» Work instruction: Look below for the line that has "Тумба Айсберг Мечта"; output exactly from it through the line that has "8. 支持終點(diǎn)檢", and leave the pictures out.

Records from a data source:

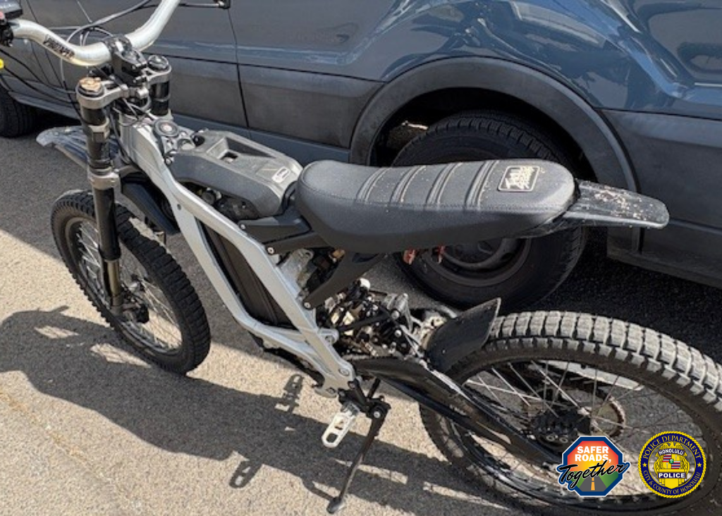 On November 11, District 8 Support Unit officers carried out an enforcement operation in the Kapolei and ‘Ewa areas. During the operation, officers issued 16 citations for no registration and no safety check, along with one citation for a motorcycle rider carrying a passenger under the age of seven. They also issued nine warnings and recovered six e-dirt bikes.
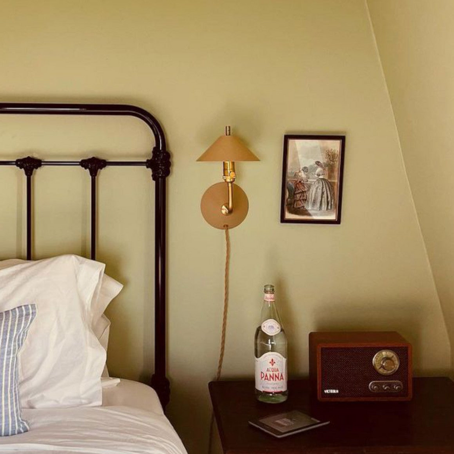 This plug-in wall lamp exudes warmth. We work with an amazing shop in Hawaii to get the oversized acacia canopies. I love the way the wood's organic grain plays with this fixture's clean geometry.
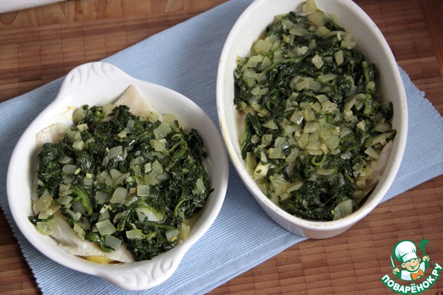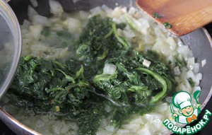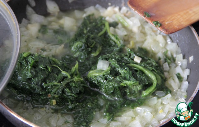 Если готовите со свежим шпинатом, то воду не добавлять и время тушения уменьшить до 3-4 мин.
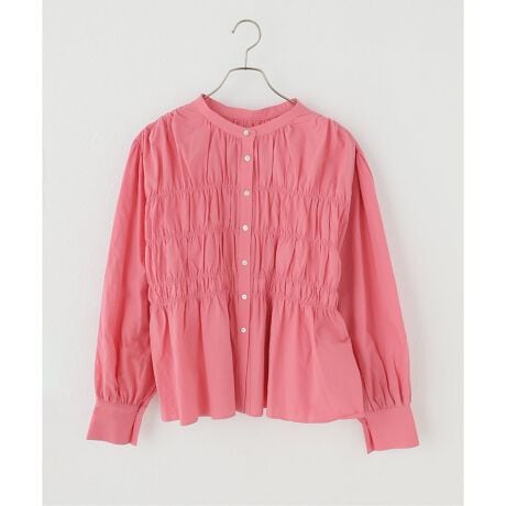 フロントに贅沢にあしらわれたシャーリングが目を引く主役級ブラウス。
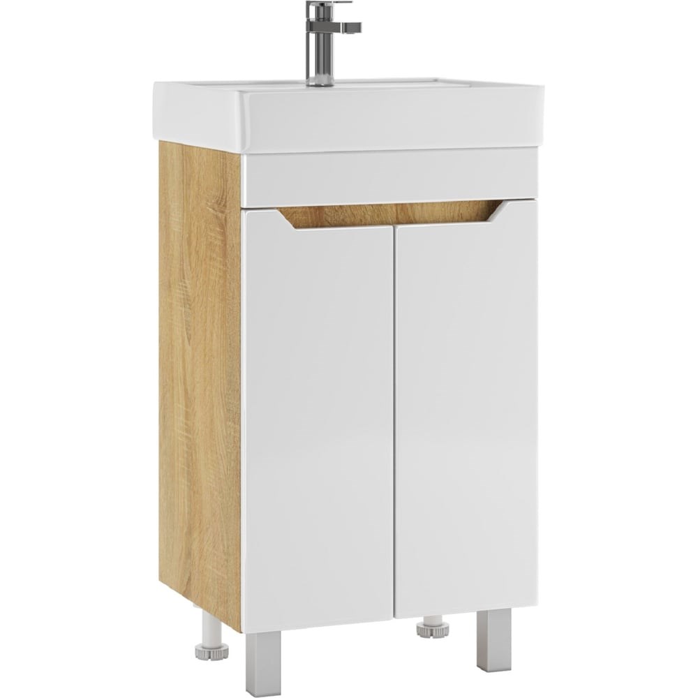 Тумба Айсберг Мечта под умывальник Енисей 50 без ящика, Дуб сонома DM2312T предназначена для компактных санузлов. Корпус изготовлен из ЛДСП, а фасад из ЛМДФ, покрыт пленкой ПВХ. Для удобства в использовании на дверцах установлены петли с доводчиком. Предусмотрена регулировка ножек до 30 мм. Тумба поставляется в собранном виде. Изделие обладает повышенной влагостойкостью и сопротивляемостью к внешним воздействиям, не выделяет вредных испарений в воздух, хорошо выдерживает воздействия бытовых химических веществ.
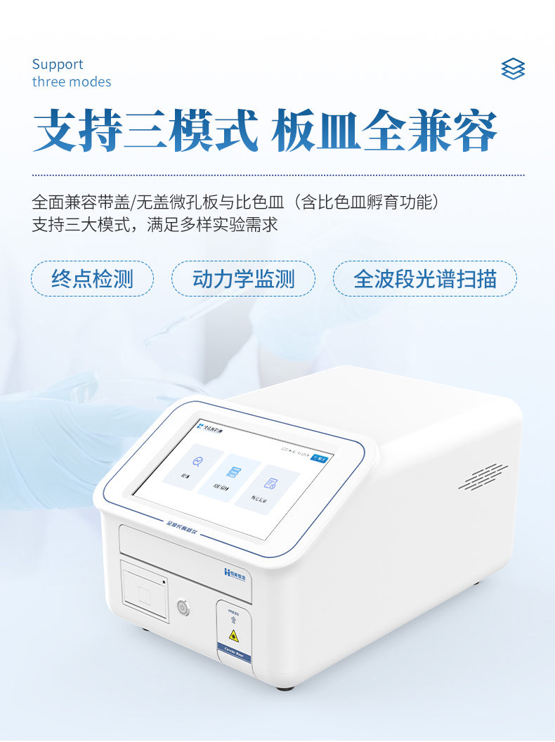 8. 支持終點(diǎn)檢測(cè)、動(dòng)力學(xué)監(jiān)測(cè)、全波段光譜掃描三大模式,兼容帶蓋/無蓋微孔板及比色皿(含比色皿孵育功能);
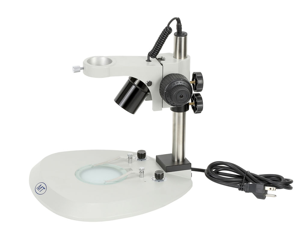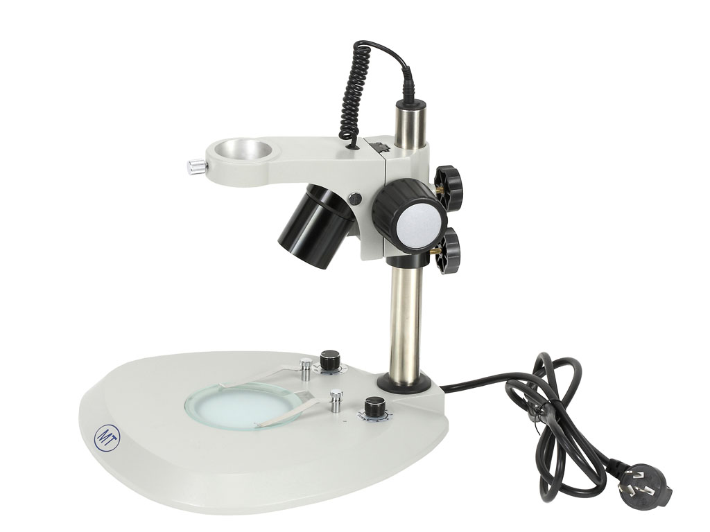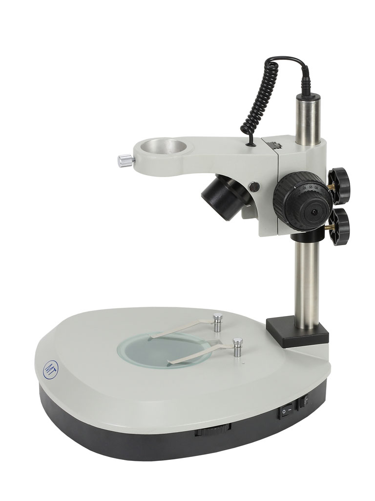 型號名稱:SD4-D底座組 說明: ● 鏡架內置可調角度、可調亮度6V/10W帶反光杯鹵素上光入射照明光源 ● 底座內置110V或220V/5W熒光燈下光透射照明 ● 可單獨使用或者同時使用上光源或下光源照明,分離式各種插頭電源線 ● 鏡體安裝孔直徑Φ45mm ● 方立柱調焦范圍100mm ● 中心工作臺直徑Φ95mm

» Response area:
 Тумба Айсберг Мечта под умывальник Енисей 50 без ящика, Дуб сонома DM2312T предназначена для компактных санузлов. Корпус изготовлен из ЛДСП, а фасад из ЛМДФ, покрыт пленкой ПВХ. Для удобства в использовании на дверцах установлены петли с доводчиком. Предусмотрена регулировка ножек до 30 мм. Тумба поставляется в собранном виде. Изделие обладает повышенной влагостойкостью и сопротивляемостью к внешним воздействиям, не выделяет вредных испарений в воздух, хорошо выдерживает воздействия бытовых химических веществ.
 8. 支持終點(diǎn)檢測(cè)、動(dòng)力學(xué)監(jiān)測(cè)、全波段光譜掃描三大模式,兼容帶蓋/無蓋微孔板及比色皿(含比色皿孵育功能);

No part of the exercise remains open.